We can reduce the memory required to store the dataframes if we reduce the datatype to its minimal or appropriate ones. This can also make faster queries if categorical dtypes are assigned properly.

def reduce_df(df, cat_col=[], cat_percent=0.5, verbose=True):
    """"maximium data memory optimization

    Args:
        cat_col (list): list of columm names to convert to category dtype
        cat_percent (float): only convert if percentage duplicates more than stated
        verbose (bool): prints reduction percentage
    """
    mem_start = df.memory_usage().sum()

    for col in df.columns:
        dtype_ = df[col].dtype
        if dtype_ == float:
            df[col] = pd.to_numeric(df[col], downcast='float')
        elif dtype_ == int:
            min_ = df[col].min()
            if min_ > 0:
                df[col] = pd.to_numeric(df[col], downcast='unsigned')
            else:
                df[col] = pd.to_numeric(df[col], downcast='integer')
        elif dtype_ == object:
            if col in cat_col:
                dup_percent = 1 - (len(df[col].unique()) / size)
                if dup_percent >= cat_percent:
                    df[col] = df[col].astype('category')
    if verbose:
        mem_end = df.memory_usage().sum()
        print("{:.2f}% of original size is reduced".format((mem_start-mem_end) / mem_start * 100))

    return df

Looping

As a rule of thumb, never use crude for loops to iterate and change values in the dataframe. The apply method is already internally optimized, like using iterators in Cython.
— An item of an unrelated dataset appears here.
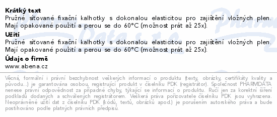 Pružné síťované fixační kalhotky s dokonalou elasticitou pro zajištění vložných plen. Mají opakované použití a perou se do 60°C (možnost prát až 25x).

We can also used vectorization on pandas series or numpy arrays as suggested by this author.

import numpy as np
import pandas as pd

# Define a basic Haversine distance formula
def haversine(lat1, lon1, lat2, lon2):
    MILES = 3959
    lat1, lon1, lat2, lon2 = map(np.deg2rad, [lat1, lon1, lat2, lon2])
    dlat = lat2 - lat1 
    dlon = lon2 - lon1 
    a = np.sin(dlat/2)**2 + np.cos(lat1) * np.cos(lat2) * np.sin(dlon/2)**2
    c = 2 * np.arcsin(np.sqrt(a)) 
    total_miles = MILES * c
    return total_miles

# optimized on apply-lambda
df['distance'] = df.apply(lambda row: haversine(40.671, -73.985, row['latitude'], row['longitude']), axis=1)
# optimized pandas series
df['distance'] = haversine(40.671, -73.985, df['latitude'], df['longitude'])
# optimized numpy array
df['distance'] = haversine(40.671, -73.985, df['latitude'].values, df['longitude'].values)

Querying

In pandas, there are various ways of querying, and the speed various with each type.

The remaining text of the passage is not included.